Sensex to hit 89,000 by June 2026: Morgan Stanley

by IANS |

Mumbai, May 21 (IANS) Global investment bank Morgan Stanley has raised its Sensex target to 89,000 by June 2026, signalling an 8 per cent upside from current levels.


This revision reflects the firm's increased confidence in India's long-term growth story, supported by strong economic fundamentals and improved earnings outlook.


Additionally, Morgan Stanley has upgraded its earnings per share (EPS) estimates by nearly 1 per cent, following an upward revision in India's GDP growth forecast.


According to the report, the Sensex is now expected to trade at a trailing price-to-earnings (P/E) multiple of 23.5x -- higher than the 25-year average of 21x.


This premium valuation reflects growing investor confidence in India’s stable policy environment and medium-term growth prospects.


The brokerage firm highlighted several reasons behind India’s resilience and potential.

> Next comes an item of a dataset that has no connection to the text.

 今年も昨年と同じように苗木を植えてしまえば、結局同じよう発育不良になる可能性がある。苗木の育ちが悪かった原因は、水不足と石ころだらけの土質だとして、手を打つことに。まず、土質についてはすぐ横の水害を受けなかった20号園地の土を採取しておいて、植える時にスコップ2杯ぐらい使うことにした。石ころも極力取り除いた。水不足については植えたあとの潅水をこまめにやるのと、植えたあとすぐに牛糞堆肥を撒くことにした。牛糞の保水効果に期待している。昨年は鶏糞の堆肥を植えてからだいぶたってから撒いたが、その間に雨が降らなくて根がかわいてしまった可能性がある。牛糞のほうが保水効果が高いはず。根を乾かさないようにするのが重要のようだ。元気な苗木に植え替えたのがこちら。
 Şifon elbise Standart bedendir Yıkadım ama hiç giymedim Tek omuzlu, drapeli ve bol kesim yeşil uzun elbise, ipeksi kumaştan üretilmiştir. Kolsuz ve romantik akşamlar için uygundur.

These include strong macro stability, declining primary deficit, low inflation volatility, and a robust domestic investment cycle.


Annual earnings growth in the range of mid- to high is expected over the next three to five years, driven by increasing private capex, healthier corporate balance sheets, and a surge in discretionary consumption.

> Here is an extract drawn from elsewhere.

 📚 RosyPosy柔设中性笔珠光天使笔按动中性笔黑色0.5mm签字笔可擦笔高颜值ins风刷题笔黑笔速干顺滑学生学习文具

The report also noted that the Indian stock market has shown remarkable composure despite recent global events.


Retail investors have continued to invest steadily, reinforcing the belief in India’s structural growth story.


Interestingly, foreign investor positioning is at its weakest level since 2000, but early signs indicate a shift in their outlook toward Indian equities.

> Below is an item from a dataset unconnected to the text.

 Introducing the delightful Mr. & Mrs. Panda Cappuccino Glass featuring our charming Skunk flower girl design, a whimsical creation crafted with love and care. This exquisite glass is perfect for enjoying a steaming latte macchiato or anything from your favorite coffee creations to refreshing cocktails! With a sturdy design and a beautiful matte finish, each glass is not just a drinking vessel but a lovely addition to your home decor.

The Reserve Bank of India’s dovish stance, stable oil prices, and consistent policy support further strengthen the bullish sentiment.


Morgan Stanley also praised India’s recent geopolitical strategy, suggesting it has enhanced national security and global confidence in the country’s governance.


On the investment strategy front, the report suggests that this is likely to be a stock picker’s market.


The firm prefers domestic cyclical sectors over defensives, with an overweight stance on financials, consumer discretionary, and industrials.